Cannes 2017 Review: Much Love for Andrey Zvyagintsev’s LOVELESS

Harrowing, exquisite work from contemporary Russian master.

The description makes it sound simple – a couple fighting all the time, clearly at odds with one another and showing a vitriol that only the closeness of a relationship can engender. Bearded Boris (Alexei Rozin) and his wife Zhenya (Maryana Spivak) still share their home while waiting for their split to be solidified. There’s a pre-teen child (Matvey Novikov) old enough to be caught in the middle, a small part of the larger family unit that’s being used both as a distraction and emotional weaponry. When the child goes missing the film shifts, where parents are forced to confront each other and the connections with those around them.

While this seems highly straightforward, like some sort of banal procedural, Andrey Zvyagintsev’s meditation upon corruption in all its myriad forms is nothing short of astonishing. Many plaudits were granted to Zvyagintsev’s previous film Leviathan, and there was much to celebrate. While it’s only 20 minutes longer than Loveless that work felt too long, too dour and meandering, and too repetitive with characters resulting in a work broadly drawn and unconvincing. Whether you share these feelings about that Oscar-nominated, Golden Globe winning work or not, it should be wholeheartedly argued that Loveless is deserving of even more praise. Everything that was a fault in Leviathan is rectified, everything glorious elevated to even higher limits.

There are moments of such shattering cinematic aptitude that they’ll leave you breathless, including sudden reveals as dramatic as any horror movie jump scare, the tears of a crying child as penetrating as anything you’ll see on screen this year. There’s the filth of a hospital basement and the austerity of a wintery park, with a cool, somber palate that never feels monochromatic. There are scenes in cars as balletic as a dance, and discussions that feel intimate to the point of discomfort.

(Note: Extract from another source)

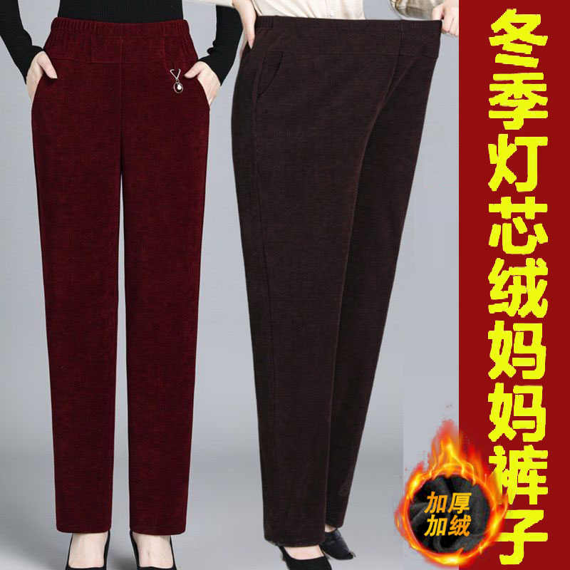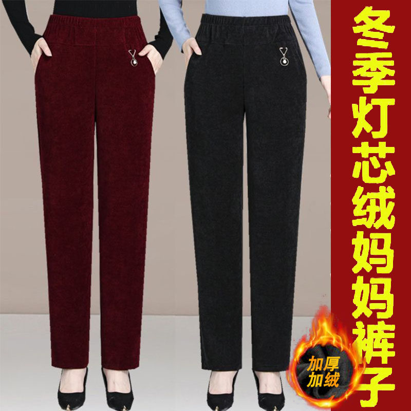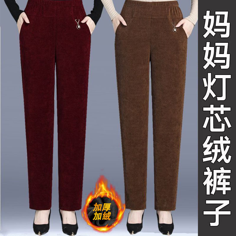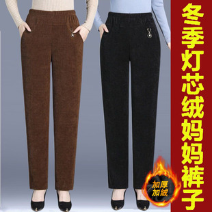 简约大气宽松女裤 加绒加厚灯芯绒女裤 妈妈奶奶条绒高腰直筒秋冬款

The performances are exemplary, the pacing deliberate without ever being boring and the dialogue as sharp as a knife. Atop the narrative are myriad forms of allusions to contemporary Russian culture, from its media landscape through to its forays into places like the Ukraine. One visual moment that easily could have been over-the-top instead is a triumph, a woman wearing Russian Olympic garb on a treadmill, running in place. Beyond these overt moments there are deft and subtle allusions to other aspects of Russian history and politics. Yet the film in no ways feels provincial, the feelings and behaviours of the characters as universal as any great work of literature.

We witness the banality of police bureaucracy dealing with the emotional cacophony of a missing child, yet there’s also a discomforting competence. This is weariness at play, not idiocy, and if Leviathan’s institutions were risible these ones simply mask, often effectively, the true misery that’s often being confronted. 

The film provides no easy answers, yet at the same time it’s never obtuse for the sake of generating mystery. As it develops the film becomes increasingly complex with its emotional tenor, ripping apart expectations at each move until one is left quite simply shattered. There’s no overt catharsis, no sense of culmination, and it does so without simply running out of steam. It’s as harrowing and humbling as life itself can be, refusing simple answers, showing that arguments can be winnerless and dreams of a different situation may not bring about happiness desired.

Loveless is a robust achievement, a symphony of sorrow that speaks eloquently about the human condition and the unique circumstances of Russia in the 21st century. It’s a complex emotional work unafraid to equally be cerebral, showcasing the best qualities of World Cinema in one dark, unforgettable package.